Items from a data source:
★ ★ ★
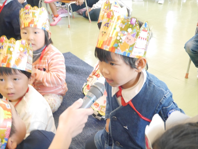 そして今日は、誕生会に参加しました。誕生児のお友だちは、自信を持って堂々と自己紹介してくれました!お客さんのお友だちも、拍手で盛り上げてくれてありがとう!残すは12・1・2・3月の第4回誕生会です。練習頑張るぞ☆ ※写真は誕生会の記事をご覧ください。
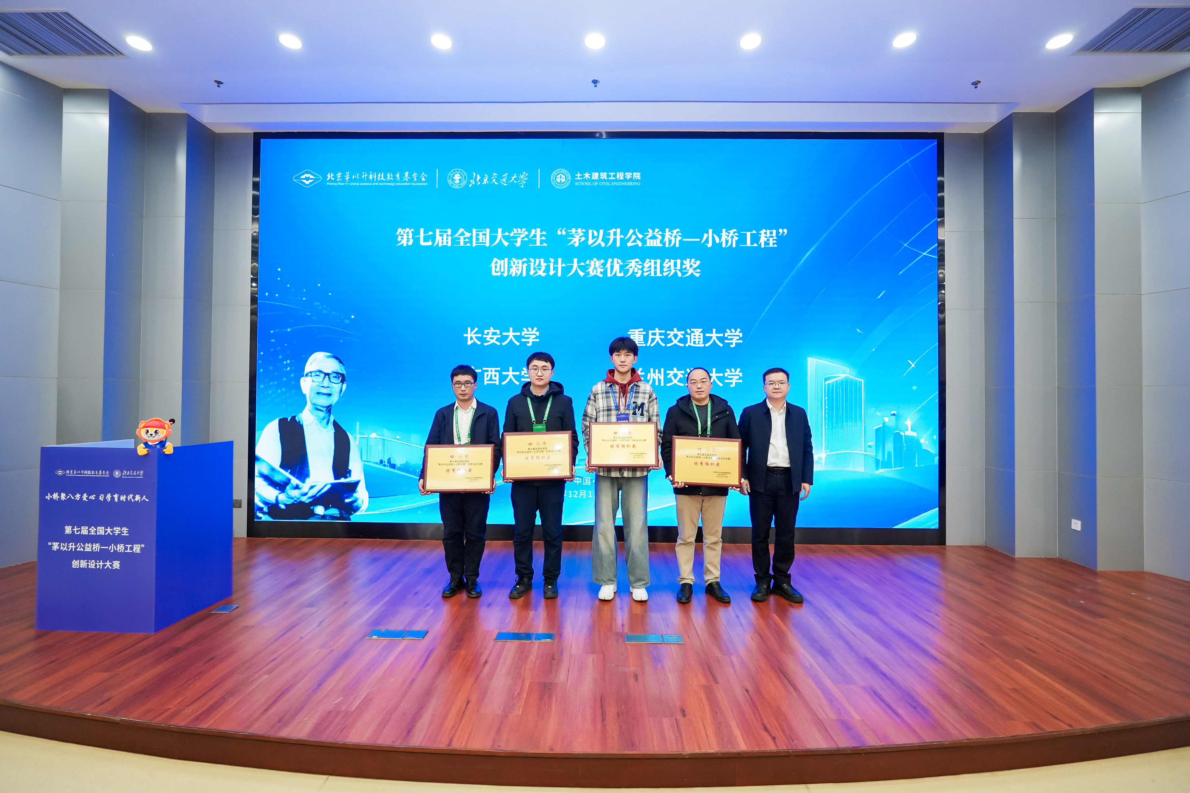 整个活动期间,大咖云集,星光熠熠,出席本次活动的领导与嘉宾主要有:成人直播 党委常委、副校长李国岫,北京茅以升科技教育基金会名誉理事长茅玉麟、理事长茅为中、副理事长兼秘书长刘晓光、铁路BIM联盟秘书长盛黎明、中国铁路经济规划研究院副总工陈良江、中交公路规划设计院全国勘察设计大师王仁贵、交通运输部公路科学研究院副院长李健、江苏大学副校长王景全、清华大学水木书院院长冯鹏、东南大学全国重点实验室常务副主任刘高、成人直播 威海校区常务副主任韩冰、中铁第四勘察设计院副总工文望青、中铁大桥勘测设计院全国重点实验室副主任梅大鹏、中国铁路设计集团有限公司土建院总工苏伟、同济大学土木工程成人直播 桥梁工程系党总支书记苏庆田、北京市市政工程设计研究总院副总工潘可明、国铁集团鉴定中心综合处副处长周勇政、中铁工程设计咨询集团有限公司桥梁院总工焦亚萌、中铁第五勘察设计院桥梁院副总工王冰、中交公路长大桥建设国家工程研究中心有限公司智能桥梁事业部副经理程潜、中路高科交通检测检验有限公司教授级高工吴寒亮、中冶建筑研究总院教授级高工张电杰、北京工业大学教授许坤等几十位企事业单位、高校知名专家学者。
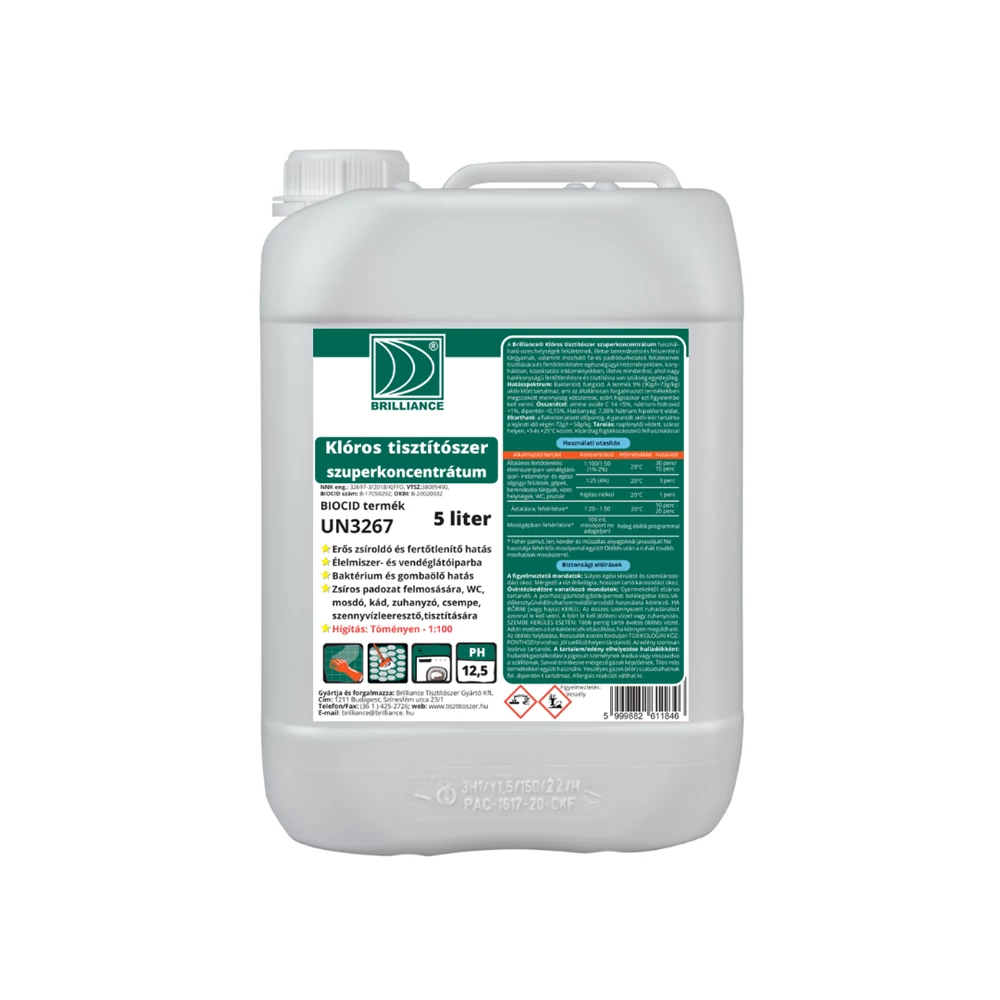 Klóros tisztítószer szuperkoncentrátum 5 l Brilliance termék alkalmazásakor ügyeljen a biztonságra! Használat előtt mindig olvassa el a címkét és a használati útmutatót!
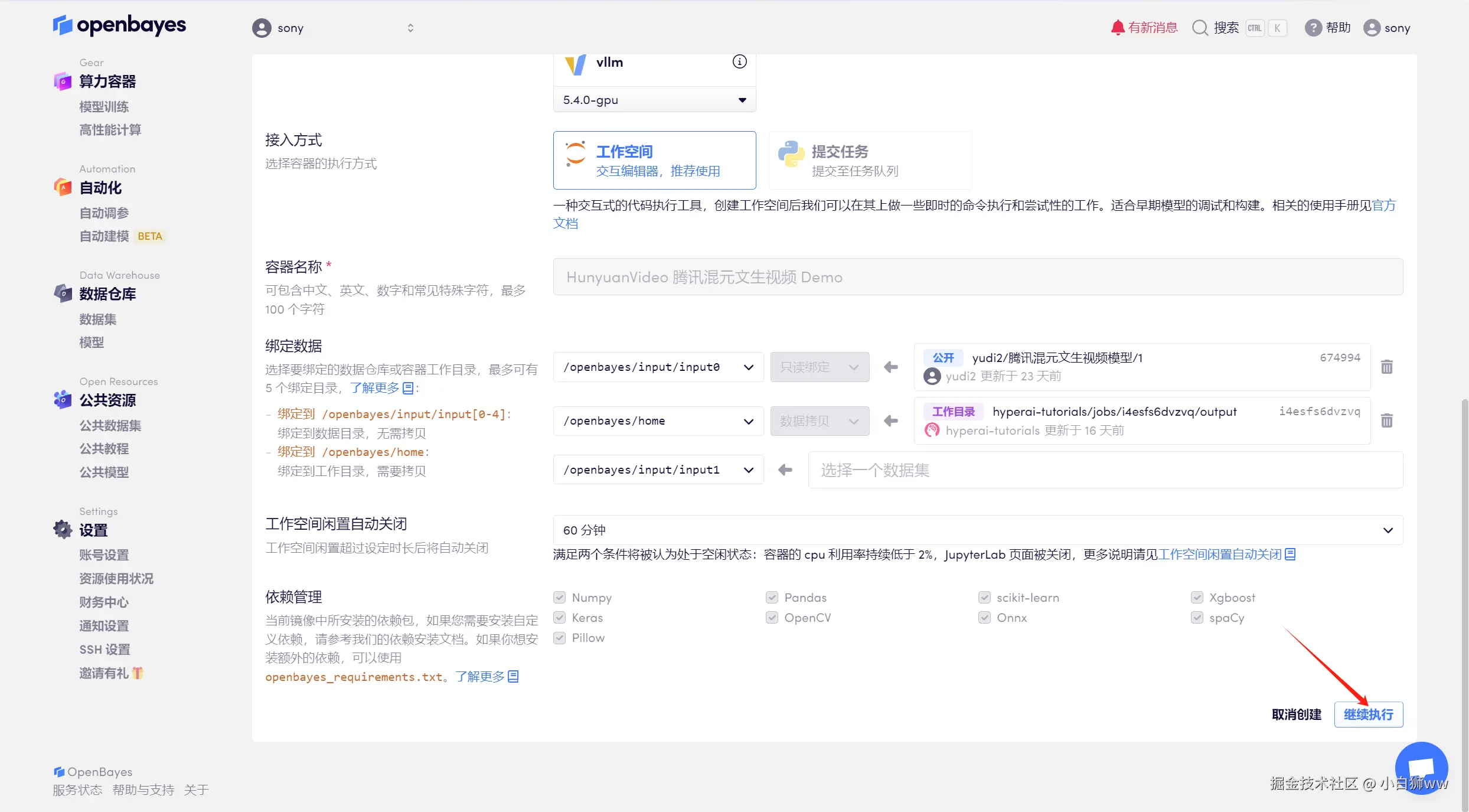 选择「NVIDIA A100」以及「PyTorch」镜像,OpenBayes 平台上线了新的计费方式,大家可以按照需求选择「按量付费」或「包日/周/月」,点击「继续执行」。可以使用文章开头的邀请链接,获得 RTX 4090 使用时长!
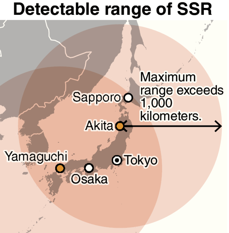 The maximum detectable range of SSR is far more than 1,000 kilometers, more than double the range of the SPY1 radar currently installed on an Aegis-equipped destroyer of the Maritime Self-Defense Force.
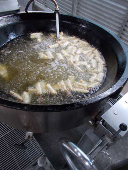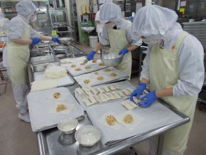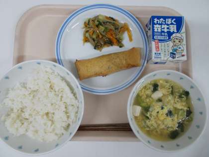 豆腐をゆでて水分を絞り、干し椎茸やえび、チーズを入れて春巻きにしました。外はカリっと、中芯はやわらかく豆腐とチーズが合わさったなめらかな食感になりました。豆腐やチーズ、炒め物にじゃこを使っているので、カルシウムたっぷりメニューでした。放送でカルシウムの話をしたところ、2年生が「カルシウムが1番多い食べ物はどれ?」「毎朝牛乳飲んでいるから、僕の骨は強いよ!」「ヨーグルトを毎日食べているよ」などと話していました。
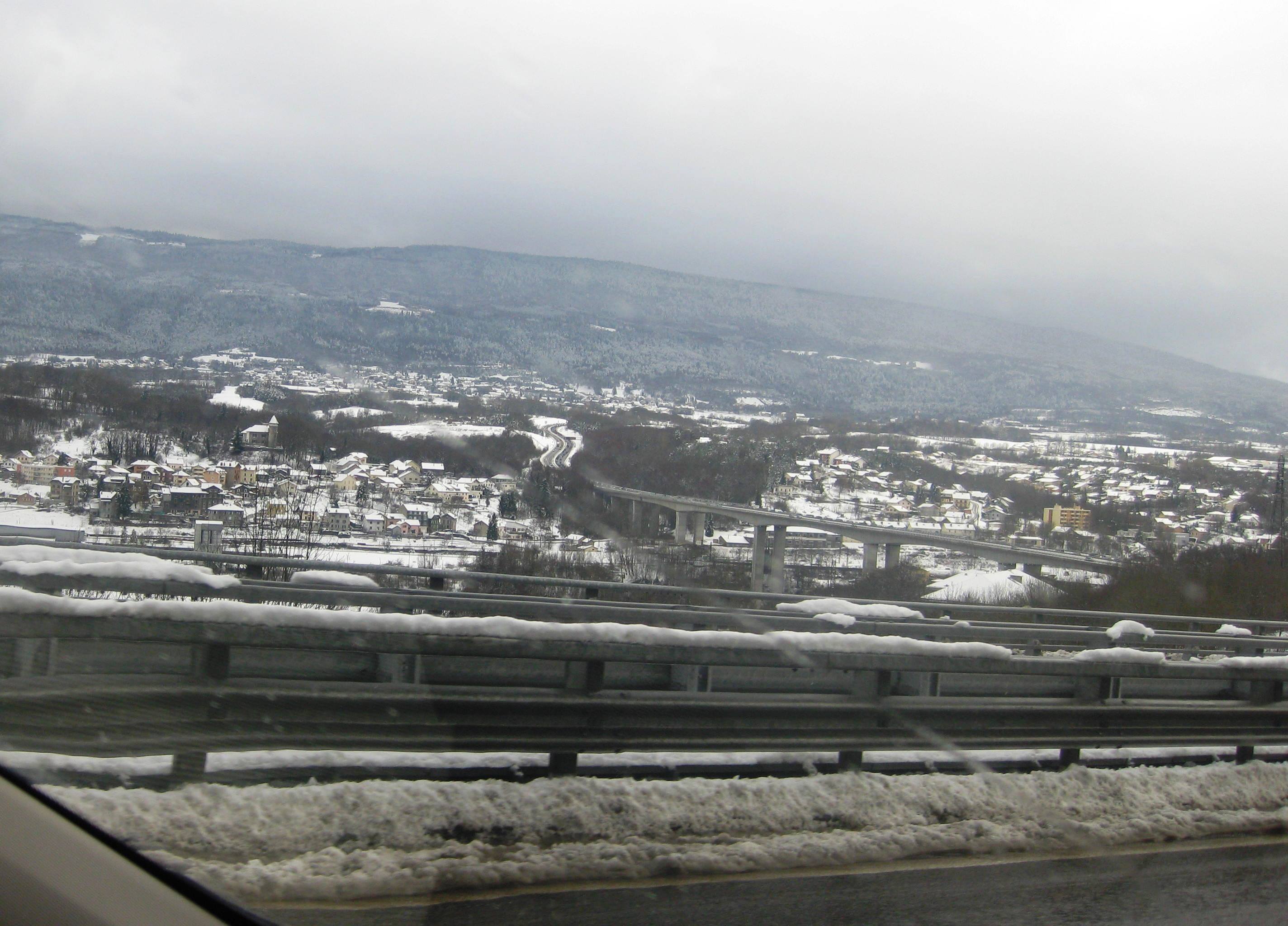 Snow on the Alps – on motorway back from Geneva
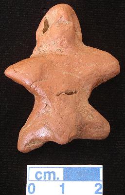 | Description / विवरण | An archaic male terracotta figurine, red, pinched nose, slit open mouth, short out stretched arms and legs, phallus indicated, handmade. |
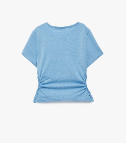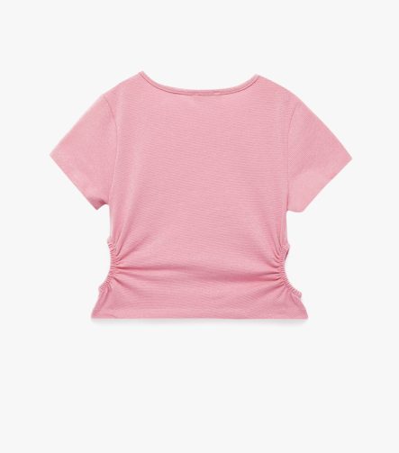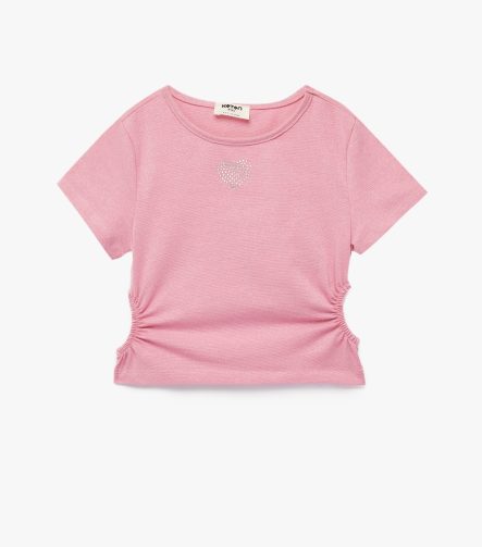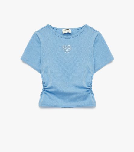 Kız Çocuk Bisiklet Yaka Slim Fit Kalpli Taşlı Büzgü Detaylı Pamuklu Kısa Kollu Crop Bluz
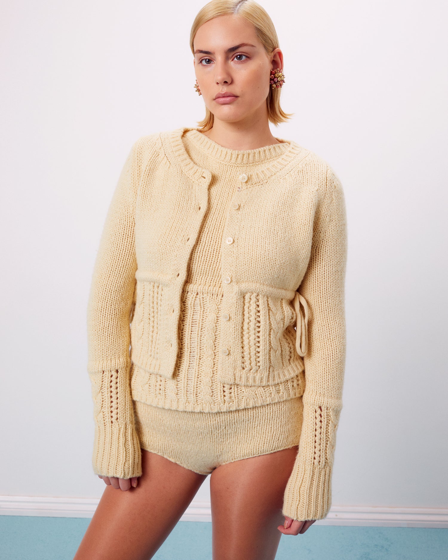 Elsa was not as well known as her great rival, Gabrielle “Coco” Chanel, who became famous for popularising sporty, casual chic as the feminine style. She pioneered the use of knitted jersey in high fashion, famed for her twin sets and matching tweed suits. Our chunky knit twin set “Gabrielle” carries her legacy of youthful, feminine ease.
★ ★ ★
> [WHAT NEEDS TO BE DONE]
Restate each line above exactly, keeping pictures out.

> [EXERCISE RESPONSE]
 そして今日は、誕生会に参加しました。誕生児のお友だちは、自信を持って堂々と自己紹介してくれました!お客さんのお友だちも、拍手で盛り上げてくれてありがとう!残すは12・1・2・3月の第4回誕生会です。練習頑張るぞ☆ ※写真は誕生会の記事をご覧ください。
 整个活动期间,大咖云集,星光熠熠,出席本次活动的领导与嘉宾主要有:成人直播 党委常委、副校长李国岫,北京茅以升科技教育基金会名誉理事长茅玉麟、理事长茅为中、副理事长兼秘书长刘晓光、铁路BIM联盟秘书长盛黎明、中国铁路经济规划研究院副总工陈良江、中交公路规划设计院全国勘察设计大师王仁贵、交通运输部公路科学研究院副院长李健、江苏大学副校长王景全、清华大学水木书院院长冯鹏、东南大学全国重点实验室常务副主任刘高、成人直播 威海校区常务副主任韩冰、中铁第四勘察设计院副总工文望青、中铁大桥勘测设计院全国重点实验室副主任梅大鹏、中国铁路设计集团有限公司土建院总工苏伟、同济大学土木工程成人直播 桥梁工程系党总支书记苏庆田、北京市市政工程设计研究总院副总工潘可明、国铁集团鉴定中心综合处副处长周勇政、中铁工程设计咨询集团有限公司桥梁院总工焦亚萌、中铁第五勘察设计院桥梁院副总工王冰、中交公路长大桥建设国家工程研究中心有限公司智能桥梁事业部副经理程潜、中路高科交通检测检验有限公司教授级高工吴寒亮、中冶建筑研究总院教授级高工张电杰、北京工业大学教授许坤等几十位企事业单位、高校知名专家学者。
 Klóros tisztítószer szuperkoncentrátum 5 l Brilliance termék alkalmazásakor ügyeljen a biztonságra! Használat előtt mindig olvassa el a címkét és a használati útmutatót!
 选择「NVIDIA A100」以及「PyTorch」镜像,OpenBayes 平台上线了新的计费方式,大家可以按照需求选择「按量付费」或「包日/周/月」,点击「继续执行」。可以使用文章开头的邀请链接,获得 RTX 4090 使用时长!
 The maximum detectable range of SSR is far more than 1,000 kilometers, more than double the range of the SPY1 radar currently installed on an Aegis-equipped destroyer of the Maritime Self-Defense Force.
 豆腐をゆでて水分を絞り、干し椎茸やえび、チーズを入れて春巻きにしました。外はカリっと、中芯はやわらかく豆腐とチーズが合わさったなめらかな食感になりました。豆腐やチーズ、炒め物にじゃこを使っているので、カルシウムたっぷりメニューでした。放送でカルシウムの話をしたところ、2年生が「カルシウムが1番多い食べ物はどれ?」「毎朝牛乳飲んでいるから、僕の骨は強いよ!」「ヨーグルトを毎日食べているよ」などと話していました。
 Snow on the Alps – on motorway back from Geneva
 | Description / विवरण | An archaic male terracotta figurine, red, pinched nose, slit open mouth, short out stretched arms and legs, phallus indicated, handmade. |
 Kız Çocuk Bisiklet Yaka Slim Fit Kalpli Taşlı Büzgü Detaylı Pamuklu Kısa Kollu Crop Bluz
 Elsa was not as well known as her great rival, Gabrielle “Coco” Chanel, who became famous for popularising sporty, casual chic as the feminine style. She pioneered the use of knitted jersey in high fashion, famed for her twin sets and matching tweed suits. Our chunky knit twin set “Gabrielle” carries her legacy of youthful, feminine ease.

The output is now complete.